I do some embedded hardware work, and have tests for the C code in python vi FFI. It's also amazing to be able to graph out scenarios with inputs and outputs in Jupiter notebook.
But I hate, hate, hate, cffi's parsing of include files. Makes my life miserable every time I make a change there.
This is one of my favorite features of Terra [1]. It also uses Clang to parse the header files, so most things "Just Work" (including, even, JITing inline functions on the fly so they can be used).
Not to mention another source for error when testing the c code in python. Your test might fail because you forgot to update a header definition in the python, not because you introduced an error in the C code.
Though compared with libffi, this can't replace libffi with this in most projects. libffi is a tiny library with no dependencies on Python, Clang or LLVM that's easily integrated into a language, and which doesn't rely on the parsing of any files.
You can statically link libffi for platforms that don't usually have it installed as a dynamic lib; it adds next to nothing to the footprint.
I believe other languages could use this without Python, in principle. It is currently distributed as a Python package to provide functionality similar to the existing cffi package. The Python wheels are 18MB and statically linked -- so no external Clang or LLVM dependencies as far as I can tell. That is indeed quite large relative to libffi (or compared to LuaJIT, which is well under 1MB IIRC). But relative to 100s of MB for a full SciPy stack with Anaconda, it's not that much.
This could also be a foundation for more than "just" C FFI: it includes a full C++ compiler and JIT! Adding C++ FFI support would take a lot of work I’m sure, but I doubt it would noticeably increase the footprint because the bulk is already in LLVM+Clang. Another possibility would be to JIT Cython-generated code on-demand.
This is of course the technically best way, but the immense footprint of 18mb just for the FFI, and the constant c ABI changes in llvm was the reason we didn't do it so far also. You either ship the huge llvm libs or risk an outdated system llvm. But for proper LTS distros it's tempting.
FTR, the footprint of 18Mb is the compressed version, the uncompressed version is ~57Mb. I think there are huge improvements possible here, among them:
* compile llvm with -fvisiblity=hidden
* compile the whole thing with thin lto, which could have the effect to remove unused code
Did you consider writing a purpose-built JIT compiler? I believe the FFI use-case is narrow enough that a tiny hand-written JIT compiler would be pretty easy... like the old QEMU template based JIT.

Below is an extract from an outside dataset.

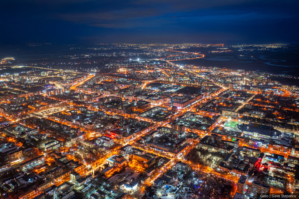 Город расположен в Южной Сибири, на слиянии рек Енисея и Абакана. Это столица Хакасии и второй в списке городов России в алфавитном порядке. Началось всё с острога, который построили в 1675 году. Со временем казачья крепость превратилась в село Усть-Абаканское, а с 1931 года Абакан официально считается городом. Сегодня здесь живёт 185 тысяч человек, а на фото вечернего Абакана видна чёткая планировка городских кварталов. 1. Первомайская площадь — центральная площадь Абакана. Сквер, памятник Ленину, здание Правительства республики, главные учебные заведения, драматический театр — всё находится вокруг площади. Здесь проводятся все главные городские и республиканские мероприятия. 2. Проспект Дружбы народов начинается со скульптуры Лора на въезде в город и заканчивается перекрёстком, на котором расположена гостиница «Дружба» — здание с тремя корпусами, которые расходятся от центра под углом 120 градусов. 3. Здание Правительства республики Хакасия. 4. Мемориальный комплекс Парк Победы. Доми

LuaJIT’s DynASM would go a long way there; might even have reusable stubs. Or slightly crazier, if 520K isn’t too big a burden: wrap the LuaJIT cffi ...from C... and embed all of LuaJIT.

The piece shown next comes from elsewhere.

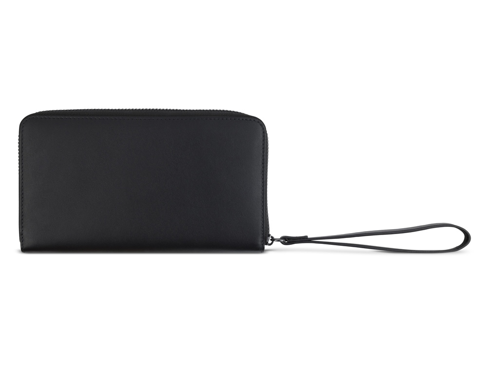 Функциональная организация: основное отделение на молнии, 12 слотов для карт, 2 отделения для купюр, 2 кармана, отделение для монет на молнии, съемная ключница, ремешок на запястье, защита данных RFID.

I didn't, as I really wanted to see how that would be possible using only clang/llvm. The way I see it is that it seems a shame to rewrite every possible ABI (and the more it goes the more we have (https://xkcd.com/927/)), where compilers like clang and gcc already does all the work.

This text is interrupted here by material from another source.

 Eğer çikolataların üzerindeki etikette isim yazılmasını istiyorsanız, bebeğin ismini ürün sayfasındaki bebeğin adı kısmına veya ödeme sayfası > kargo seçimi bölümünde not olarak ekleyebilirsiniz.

One point of my llvm talk of tomorrow is to be able to discuss how we could "extract" these parts from clang to be able to do this the lightest way possible! (but that would still require the embedding of a full LLVM backend which is still huge for the only FFI case).
One good point we have embedding a full compiler is that we can really JIT C code from let's say a python interpreter. The usefulness of this is another debate :)
Said otherwise, I thought the experiment was worth the try, and it seems fun to see how far we can go from here :)
I've always wondered if there's a way to do this without needing the header files. Like by parsing the debug information. Obviously, this means you need there to be debug information, but that always struck me as a cleaner solution.
I believe it's supposed to be variadic. I thought it original meant 3-arg functions, but I can see in one of the examples it calls a 3-arg function. The TODO file however says "var args" still needs to be implemented.
So it is about variadic arguments. The reason is time, that is I still didn't take the time to make it work, but it does not seem to have big issues doing it!
But I hate, hate, hate, cffi's parsing of include files. Makes my life miserable every time I make a change there.
I'm really hoping DragonFFI takes off.